#### Exercise description:
What you return must be an exact copy of the lines in the listing below between the line holding "Dans sa nouvelle" and the line holding "薄暗い落ち葉だらけのわかりに", inclusive, and nothing more.

#### Task data:
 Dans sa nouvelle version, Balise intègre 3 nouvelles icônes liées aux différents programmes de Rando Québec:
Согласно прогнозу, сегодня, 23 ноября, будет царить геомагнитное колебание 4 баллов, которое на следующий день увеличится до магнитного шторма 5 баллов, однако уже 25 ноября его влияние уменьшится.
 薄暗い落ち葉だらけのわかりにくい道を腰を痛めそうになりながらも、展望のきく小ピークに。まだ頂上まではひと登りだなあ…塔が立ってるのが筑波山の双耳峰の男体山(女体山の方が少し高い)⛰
==
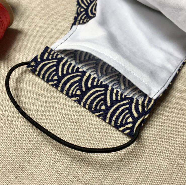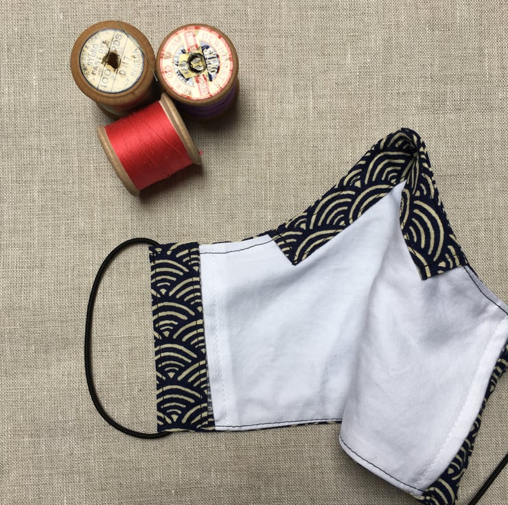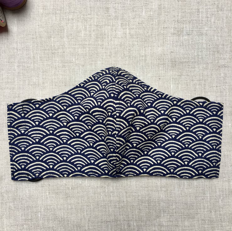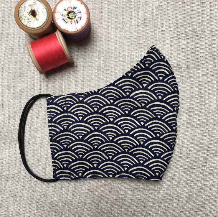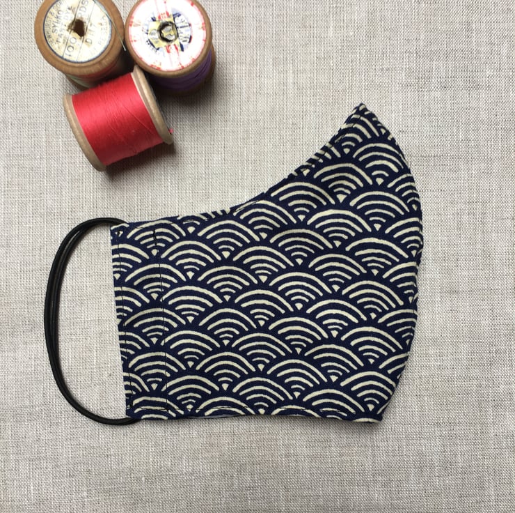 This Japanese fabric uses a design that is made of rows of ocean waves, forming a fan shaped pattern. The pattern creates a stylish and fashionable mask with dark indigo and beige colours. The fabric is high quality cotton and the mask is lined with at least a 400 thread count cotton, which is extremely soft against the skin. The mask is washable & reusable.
--
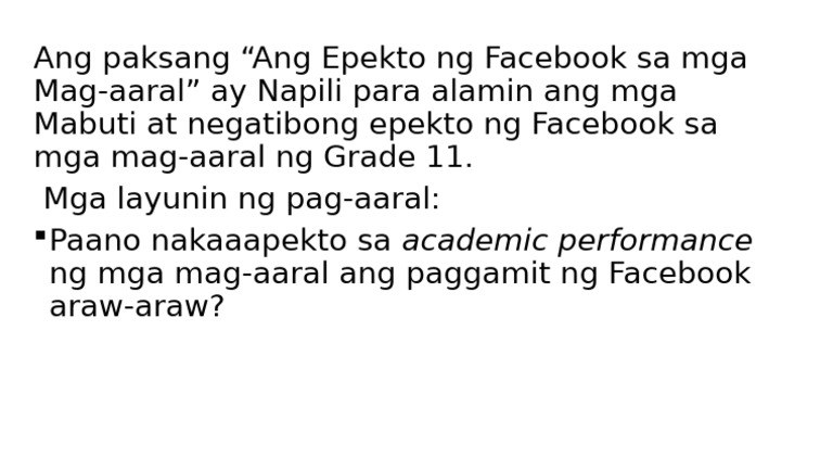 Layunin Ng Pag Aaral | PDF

#### Task result:
 Dans sa nouvelle version, Balise intègre 3 nouvelles icônes liées aux différents programmes de Rando Québec:
Согласно прогнозу, сегодня, 23 ноября, будет царить геомагнитное колебание 4 баллов, которое на следующий день увеличится до магнитного шторма 5 баллов, однако уже 25 ноября его влияние уменьшится.
 薄暗い落ち葉だらけのわかりにくい道を腰を痛めそうになりながらも、展望のきく小ピークに。まだ頂上まではひと登りだなあ…塔が立ってるのが筑波山の双耳峰の男体山(女体山の方が少し高い)⛰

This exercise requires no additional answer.